EXERCISE REQUIREMENTS —
Return the data below exactly, minus the pictures.

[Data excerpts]
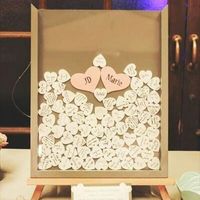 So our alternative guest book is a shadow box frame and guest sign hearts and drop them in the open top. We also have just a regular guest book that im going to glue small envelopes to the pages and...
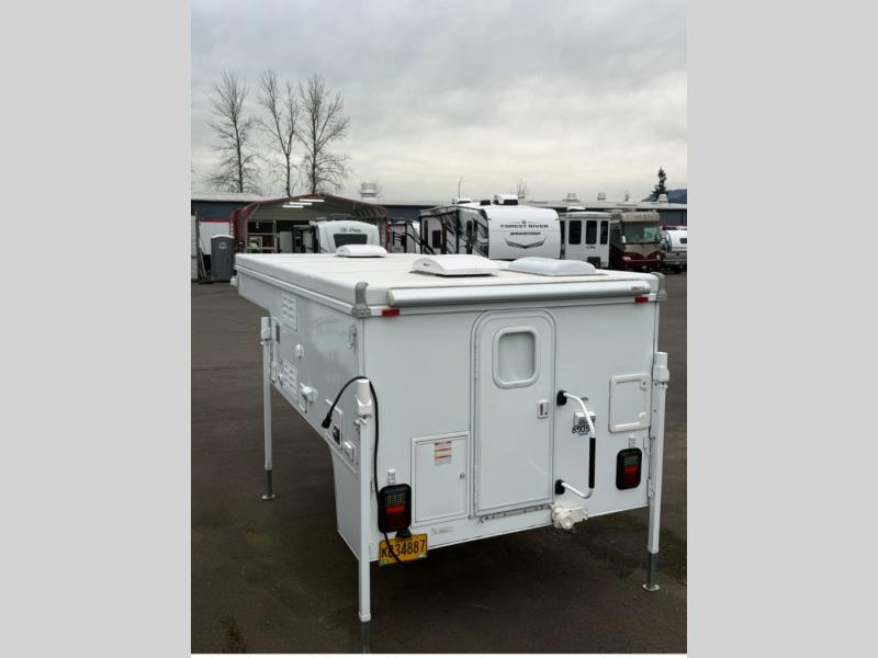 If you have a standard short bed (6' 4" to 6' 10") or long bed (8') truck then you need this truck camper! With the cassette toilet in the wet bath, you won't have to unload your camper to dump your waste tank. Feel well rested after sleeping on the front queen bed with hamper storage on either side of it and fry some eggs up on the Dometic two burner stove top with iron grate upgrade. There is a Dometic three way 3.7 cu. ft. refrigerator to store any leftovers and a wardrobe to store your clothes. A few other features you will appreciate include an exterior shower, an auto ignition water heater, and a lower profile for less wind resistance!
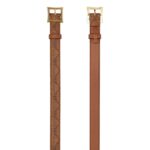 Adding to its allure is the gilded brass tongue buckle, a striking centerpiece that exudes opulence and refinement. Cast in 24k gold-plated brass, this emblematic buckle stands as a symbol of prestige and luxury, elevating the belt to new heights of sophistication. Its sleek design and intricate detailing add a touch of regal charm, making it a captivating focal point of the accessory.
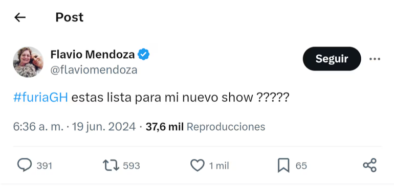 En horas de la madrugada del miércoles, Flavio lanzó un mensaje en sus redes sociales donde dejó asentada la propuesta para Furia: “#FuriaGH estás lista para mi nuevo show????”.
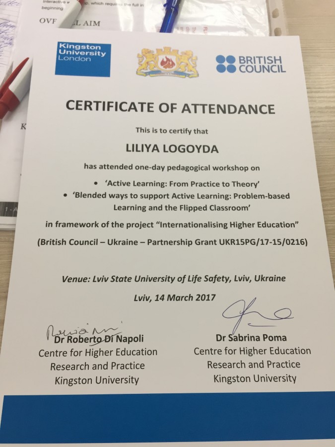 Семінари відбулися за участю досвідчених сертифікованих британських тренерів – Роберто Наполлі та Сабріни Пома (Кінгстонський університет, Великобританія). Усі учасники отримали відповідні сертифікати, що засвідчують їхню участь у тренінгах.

ANSWER SECTION —
 So our alternative guest book is a shadow box frame and guest sign hearts and drop them in the open top. We also have just a regular guest book that im going to glue small envelopes to the pages and...
 If you have a standard short bed (6' 4" to 6' 10") or long bed (8') truck then you need this truck camper! With the cassette toilet in the wet bath, you won't have to unload your camper to dump your waste tank. Feel well rested after sleeping on the front queen bed with hamper storage on either side of it and fry some eggs up on the Dometic two burner stove top with iron grate upgrade. There is a Dometic three way 3.7 cu. ft. refrigerator to store any leftovers and a wardrobe to store your clothes. A few other features you will appreciate include an exterior shower, an auto ignition water heater, and a lower profile for less wind resistance!
 Adding to its allure is the gilded brass tongue buckle, a striking centerpiece that exudes opulence and refinement. Cast in 24k gold-plated brass, this emblematic buckle stands as a symbol of prestige and luxury, elevating the belt to new heights of sophistication. Its sleek design and intricate detailing add a touch of regal charm, making it a captivating focal point of the accessory.
 En horas de la madrugada del miércoles, Flavio lanzó un mensaje en sus redes sociales donde dejó asentada la propuesta para Furia: “#FuriaGH estás lista para mi nuevo show????”.
 Семінари відбулися за участю досвідчених сертифікованих британських тренерів – Роберто Наполлі та Сабріни Пома (Кінгстонський університет, Великобританія). Усі учасники отримали відповідні сертифікати, що засвідчують їхню участь у тренінгах.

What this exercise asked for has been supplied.